§ TASK DESCRIPTION
Reproduce the first line of the entries that follow and each later line, word for word, ending with the one containing "Kleines Etui für".

─── DATA SHOWN ───

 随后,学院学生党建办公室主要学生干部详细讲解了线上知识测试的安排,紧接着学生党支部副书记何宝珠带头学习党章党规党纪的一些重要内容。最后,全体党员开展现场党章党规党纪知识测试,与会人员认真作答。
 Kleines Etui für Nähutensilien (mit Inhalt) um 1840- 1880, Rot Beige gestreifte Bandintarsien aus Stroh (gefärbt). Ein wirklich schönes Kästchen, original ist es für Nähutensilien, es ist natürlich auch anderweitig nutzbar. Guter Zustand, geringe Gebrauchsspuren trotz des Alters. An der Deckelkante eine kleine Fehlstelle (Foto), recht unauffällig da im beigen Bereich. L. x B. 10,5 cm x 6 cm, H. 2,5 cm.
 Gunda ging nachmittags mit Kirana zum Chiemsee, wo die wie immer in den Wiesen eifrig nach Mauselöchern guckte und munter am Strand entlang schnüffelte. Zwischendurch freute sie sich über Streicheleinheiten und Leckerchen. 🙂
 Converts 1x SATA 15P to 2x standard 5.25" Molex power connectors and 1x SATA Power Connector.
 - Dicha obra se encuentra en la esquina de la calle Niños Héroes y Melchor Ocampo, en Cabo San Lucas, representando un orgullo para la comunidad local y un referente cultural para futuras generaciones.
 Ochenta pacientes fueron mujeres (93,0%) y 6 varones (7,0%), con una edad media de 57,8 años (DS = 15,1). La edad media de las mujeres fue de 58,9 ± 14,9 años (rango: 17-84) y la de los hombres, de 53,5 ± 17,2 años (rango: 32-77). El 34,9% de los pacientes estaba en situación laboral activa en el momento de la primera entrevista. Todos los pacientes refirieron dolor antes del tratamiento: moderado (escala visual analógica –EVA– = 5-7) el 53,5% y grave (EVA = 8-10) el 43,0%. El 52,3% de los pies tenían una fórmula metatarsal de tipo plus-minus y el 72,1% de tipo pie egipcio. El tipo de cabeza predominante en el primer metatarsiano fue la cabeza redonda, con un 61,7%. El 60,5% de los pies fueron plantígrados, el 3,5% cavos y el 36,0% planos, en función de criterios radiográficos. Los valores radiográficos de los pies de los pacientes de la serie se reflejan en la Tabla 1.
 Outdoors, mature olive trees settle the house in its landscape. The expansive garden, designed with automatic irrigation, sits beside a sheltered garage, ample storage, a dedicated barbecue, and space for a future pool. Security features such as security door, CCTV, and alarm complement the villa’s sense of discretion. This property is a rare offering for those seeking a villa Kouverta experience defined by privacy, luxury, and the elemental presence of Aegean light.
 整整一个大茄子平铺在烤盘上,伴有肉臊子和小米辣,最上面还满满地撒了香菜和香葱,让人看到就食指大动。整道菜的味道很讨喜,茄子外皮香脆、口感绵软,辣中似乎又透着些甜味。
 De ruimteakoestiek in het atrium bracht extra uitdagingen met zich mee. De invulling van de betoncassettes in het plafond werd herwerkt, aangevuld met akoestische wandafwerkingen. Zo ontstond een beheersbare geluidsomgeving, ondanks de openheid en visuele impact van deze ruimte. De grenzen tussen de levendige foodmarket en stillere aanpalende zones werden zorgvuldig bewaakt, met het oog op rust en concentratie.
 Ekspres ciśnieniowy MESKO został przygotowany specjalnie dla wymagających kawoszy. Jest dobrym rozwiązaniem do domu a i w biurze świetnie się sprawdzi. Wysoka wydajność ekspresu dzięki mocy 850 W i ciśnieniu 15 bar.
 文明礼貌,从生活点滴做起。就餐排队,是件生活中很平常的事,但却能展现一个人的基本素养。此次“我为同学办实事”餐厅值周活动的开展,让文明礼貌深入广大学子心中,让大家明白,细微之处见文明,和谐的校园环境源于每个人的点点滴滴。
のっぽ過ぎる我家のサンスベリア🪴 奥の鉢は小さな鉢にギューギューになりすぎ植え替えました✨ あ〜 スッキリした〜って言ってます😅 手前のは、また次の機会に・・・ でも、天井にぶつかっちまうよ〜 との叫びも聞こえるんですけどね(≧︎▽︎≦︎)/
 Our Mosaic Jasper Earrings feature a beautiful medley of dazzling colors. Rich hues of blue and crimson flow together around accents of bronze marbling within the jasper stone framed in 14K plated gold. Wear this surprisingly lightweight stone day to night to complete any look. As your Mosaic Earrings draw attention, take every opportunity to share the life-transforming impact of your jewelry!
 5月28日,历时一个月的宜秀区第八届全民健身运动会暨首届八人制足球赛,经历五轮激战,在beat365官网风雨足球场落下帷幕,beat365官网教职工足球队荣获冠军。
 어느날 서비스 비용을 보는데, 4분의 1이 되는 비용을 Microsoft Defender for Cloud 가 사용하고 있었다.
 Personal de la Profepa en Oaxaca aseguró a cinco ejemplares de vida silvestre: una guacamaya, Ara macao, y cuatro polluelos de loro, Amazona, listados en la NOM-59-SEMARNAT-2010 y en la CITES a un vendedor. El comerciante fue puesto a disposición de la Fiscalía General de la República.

───

§ TASK ANSWER
 随后,学院学生党建办公室主要学生干部详细讲解了线上知识测试的安排,紧接着学生党支部副书记何宝珠带头学习党章党规党纪的一些重要内容。最后,全体党员开展现场党章党规党纪知识测试,与会人员认真作答。
 Kleines Etui für Nähutensilien (mit Inhalt) um 1840- 1880, Rot Beige gestreifte Bandintarsien aus Stroh (gefärbt). Ein wirklich schönes Kästchen, original ist es für Nähutensilien, es ist natürlich auch anderweitig nutzbar. Guter Zustand, geringe Gebrauchsspuren trotz des Alters. An der Deckelkante eine kleine Fehlstelle (Foto), recht unauffällig da im beigen Bereich. L. x B. 10,5 cm x 6 cm, H. 2,5 cm.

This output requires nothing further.